Even those who cannot hear have the right to be heard. And so the raucous debate on whether to use English or Filipino as the medium of instruction in schools is being echoed in the “silent world.”
ACT Teachers Rep. Antonio Tinio said House Bill No. 6079, which would declare the Filipino sign language (FSL) the national sign language, was facing stiff opposition from the Department of Education (DepEd) and private schools for the deaf that did not want to throw away their English-based system.
“This matters to all of us and not just to the deaf because this is about equal access of all Filipino citizens. Unfortunately, because of our educational system, they (deaf school instructors) were taught a foreign sign language when we have an indigenous Filipino sign language that traces its roots to the pre-Spanish period,” Tinio said in an interview.
Tinio said the debate on whether to retain the American sign language (ASL) or the FSL was similar to the dispute over the use of English or Filipino as the language of instruction in schools, which had divided the country for years.
“The history is similar.
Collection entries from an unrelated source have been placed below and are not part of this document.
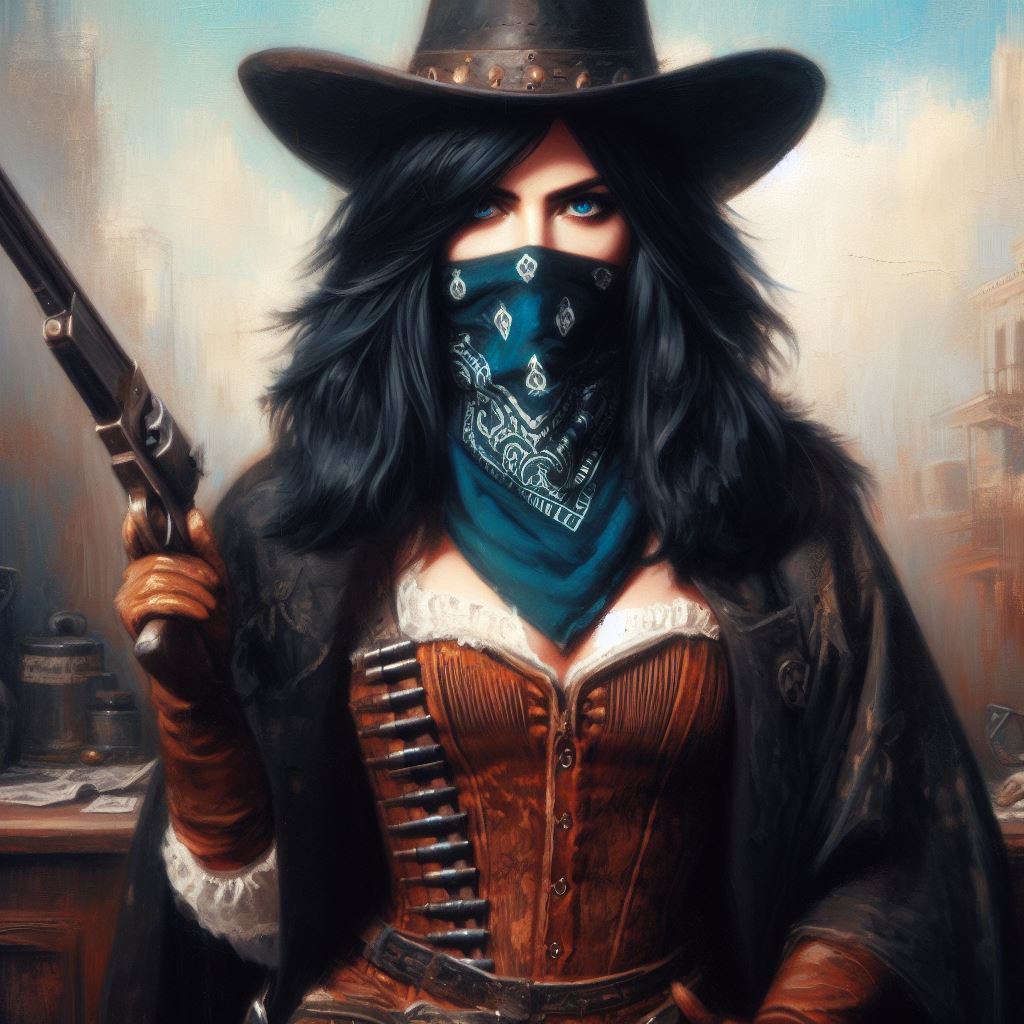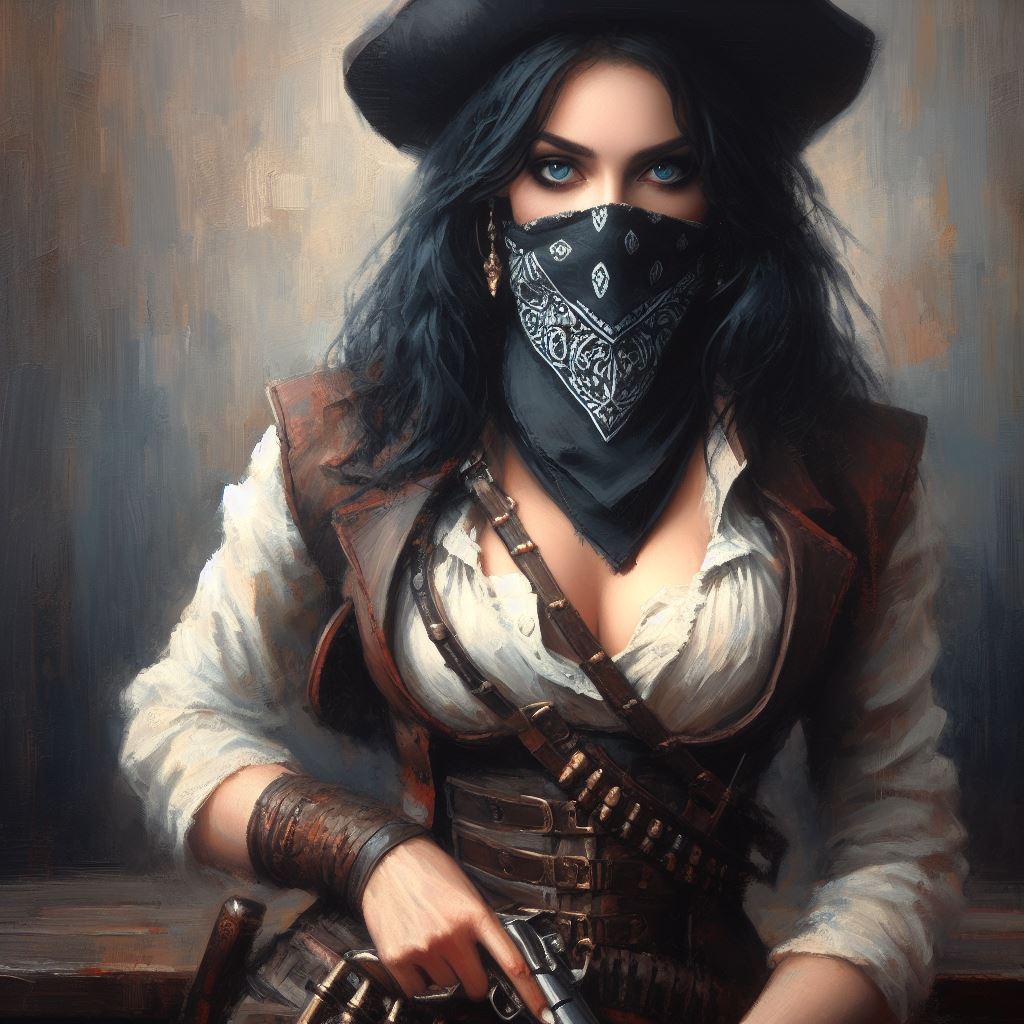 danachaos Бандитка 2 года назад Арты нейросетей Dall-e Иллюстрации Lady Арт Бандиты Дикий Запад Цифровой рисунок Длиннопост Девушки 1 Ещё 0
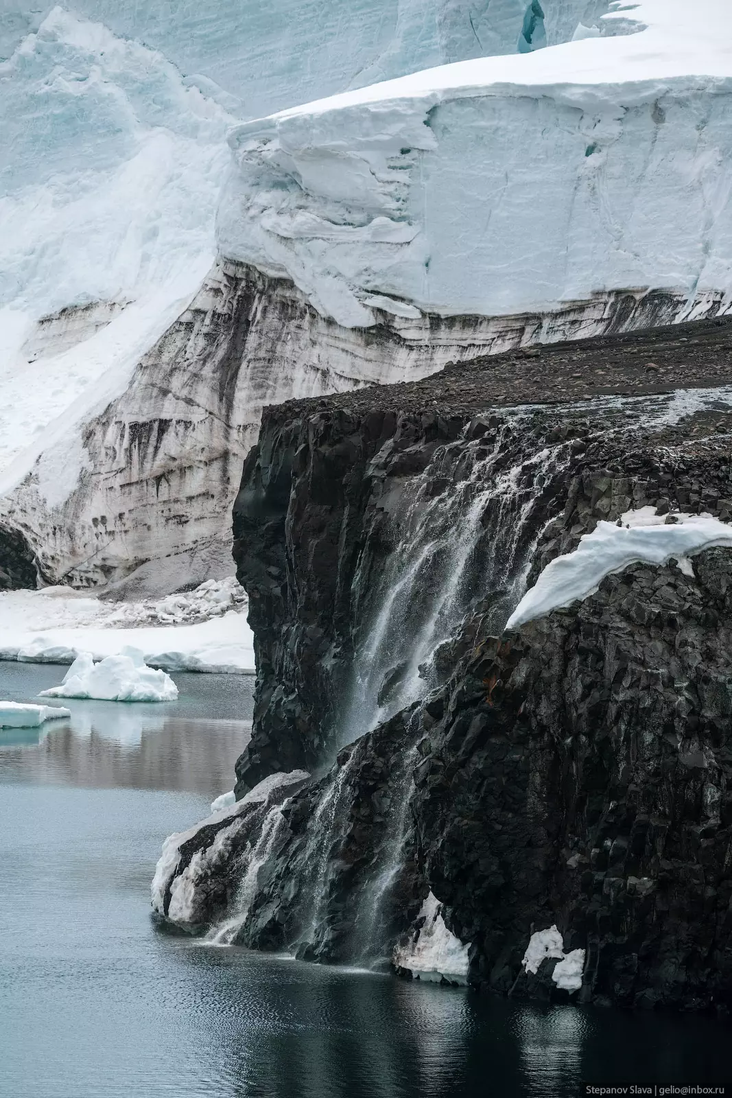 6. Острова архипелага почти целиком покрыты льдами — толщина достигает 500 м. Когда лёд тает, образуются водопады.
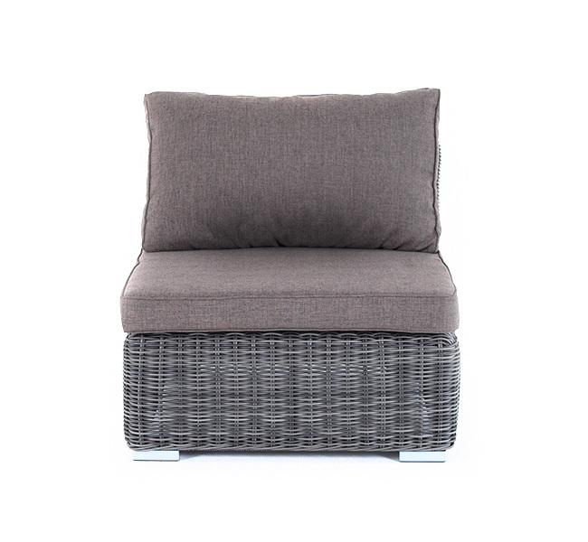 «Лунго» прямой модуль из круглого искусственного ротанга, выполнен из алюминиевого каркаса, который оплетен вручную ротангом графитового цвета. В комплектацию входят подушки из полиэстера, пропитанные влагоотталкивающим составом. Размеры: 740×860×650 мм.
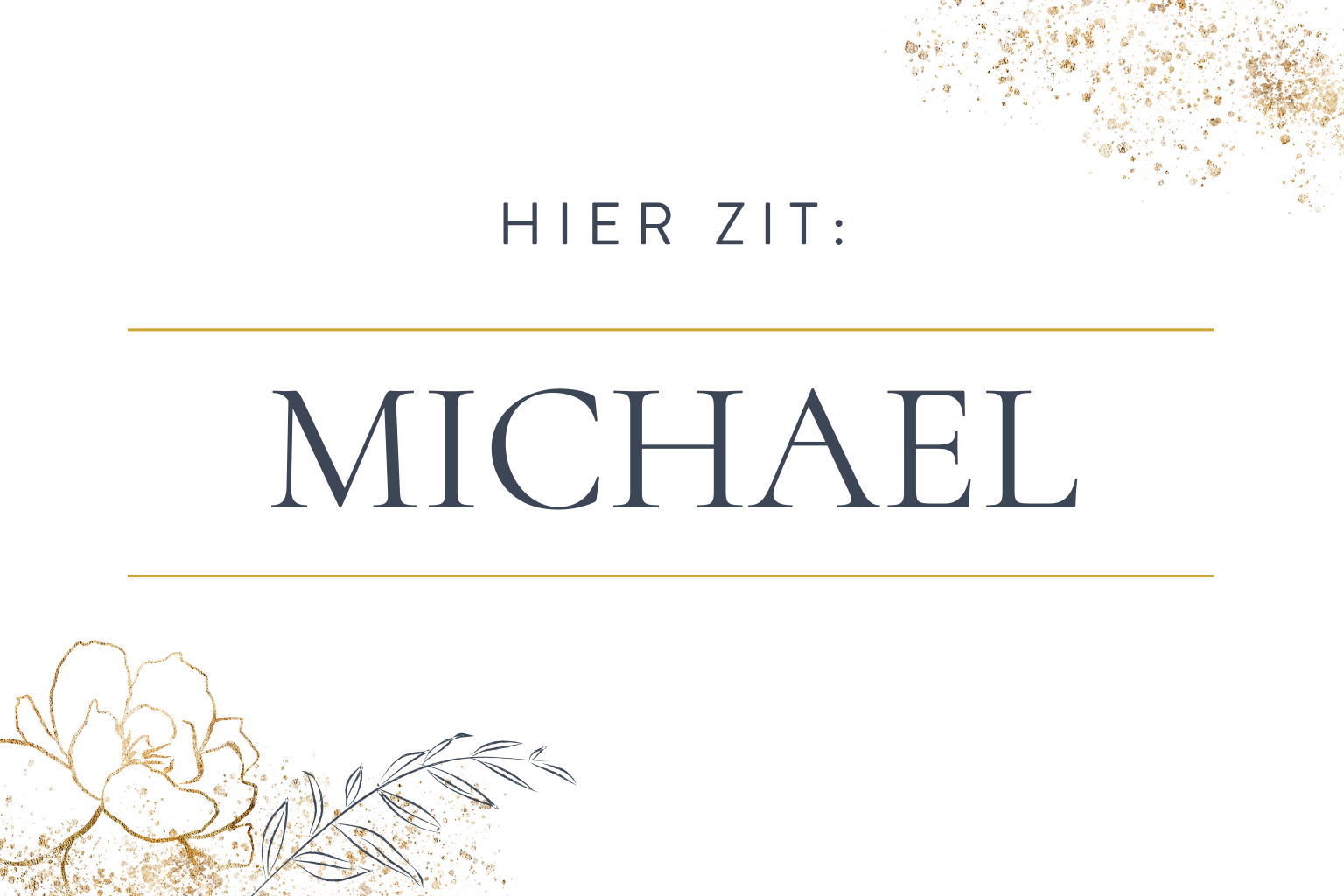 Los naamkaartje voor op tafel tijdens het bruidsdiner met goudkleurige bloemen.

Our teachers were taught with English as the medium of instruction when we have our own indigenous language, which we use to communicate outside our schools,” he said.
He noted that the bureaucracy in DepEd’s Special Education was trained using ASL by US Peace Corps volunteers in the 1960s and 1970s. “That is why they are against it,” he said.
Just like in the normal school setting, Tinio said students of the Philippine School for the Deaf were learning their lessons using the ASL and artificial systems such as the Signing Exact English, or SEE (which offers a literal interpretation of English words), but when they go out of their classrooms, they communicate in FSL.
Shifting from ASL to FSL would only require “retooling” on the part of public and private schools for the deaf.
If hearing Filipinos had hankered for the use of the native tongue to have full access to all aspects of economic, political and cultural life, “the deaf also have the right to be taught in their own national sign language,” Tinio said.
Tinio was accompanied by at least 50 deaf students at the session hall where he introduced his bill.
The young students marched to the House of Representatives from Philcoa, Quezon City, where they earlier held their version of a “noise barrage” with nothing but their gesturing hands and bright faces.
They called for the passage of the measure declaring a national sign language to be taught and used in all official transactions involving the deaf.
Their “noise” came from whistles they blew every now and then to express their support for HB 6079.
Most of them also held up makeshift banners backing the bill in between gesturing in sign language.
Affiliated with the Philippine Federation of the Deaf, the group also stopped briefly at the Commission on Human Rights before going to Batasang Pambansa, where representatives hold their offices.
At the rally, Tinio said the FSL, if adopted by law, would be taught in schools and used in government offices, workplaces, the courts, media, health facilities and other transactions involving the deaf community.
He pointed out that deaf learners had the right to their own culture and identity, too.
“Local and international research says that lack of recognition of a culture’s sign language and limited availability severely restricts or totally impedes the rights of the deaf to form and express their own opinion and participate in society,” Tinio said at the rally.
Tinio said that there was some opposition to the bill, primarily by promoters of the American Sign Language and artificial sign systems such as Signing Exact English.
He also lamented that there was no official or government-sanctioned registry agencies yet for sign language interpreting.